The clear language of the statute indicates that the legislature intended to ensure that a person arrested for driving under the influence was made aware, by the required notice procedure, of his statutory rights. Those rights include the right to obtain independent testing of his blood alcohol level following testing by or under the direction of a law enforcement officer. K.S.A.1985 Supp. 8-1004 both establishes this right to an independent test, and enforces compliance by law officers. It provides that if the law enforcement officer refuses to permit the person tested to obtain such additional testing, the results of the test administered under the direction of the officer are inadmissible in evidence.

K.S.A.1985 Supp. 8-1001(f)(3) states in part:

"It shall not be a defense to any prosecution [for driving under the influence] ... that the person did not understand the written or oral notice required by this section...." (Emphasis added.)

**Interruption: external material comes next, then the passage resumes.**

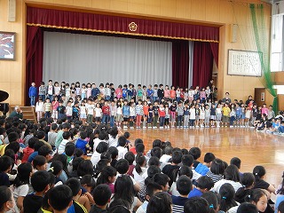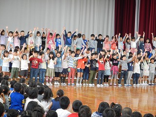 最後に1年生からお礼の言葉と歌のお返しがありました。1年生が発表の最後に「どうでしたかー?」と聞くと,全校生徒から「かわいいー!」と大きな返事が返っていました。
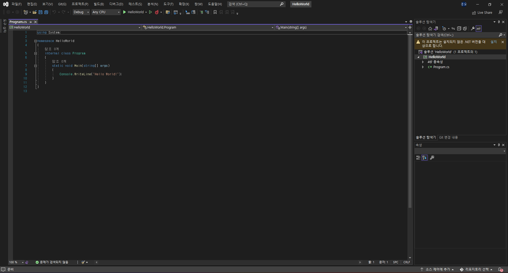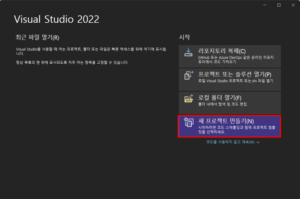 비주얼 스튜디오를 설치했으면 프로그램을 만들기 전 새 프로젝트를 먼저 만들어야 한다.

See also similar language in K.S.A.1985 Supp. 8-1002(c)(1)(B) and 8-1002(d)(3).

The statute in question clearly requires that certain procedures shall be followed and certain notices shall be given to a defendant arrested for driving under the influence. K.S.A.1985 Supp. 8-1001(f) was enacted as part of a comprehensive revision of the statutes pertaining to driving under the influence of alcohol or drugs. The language of the statute is clearly mandatory. For additional discussion of the distinction between mandatory and directory, as applied to statutes, see Wilcox v. Billings, 200 Kan. 654, 657, 438 P.2d 108 (1968); 2A Sutherland Statutory Construction §§ 57.01-57.26 (Sands 4th ed. 1984); 73 Am.Jur.2d Statutes §§ 14-27. We conclude the notice provisions of K.S.A.1985 Supp. 8-1001(f) are mandatory and not merely directory. The holding in Doeden to the contrary is overruled. The holding of the Court of Appeals in...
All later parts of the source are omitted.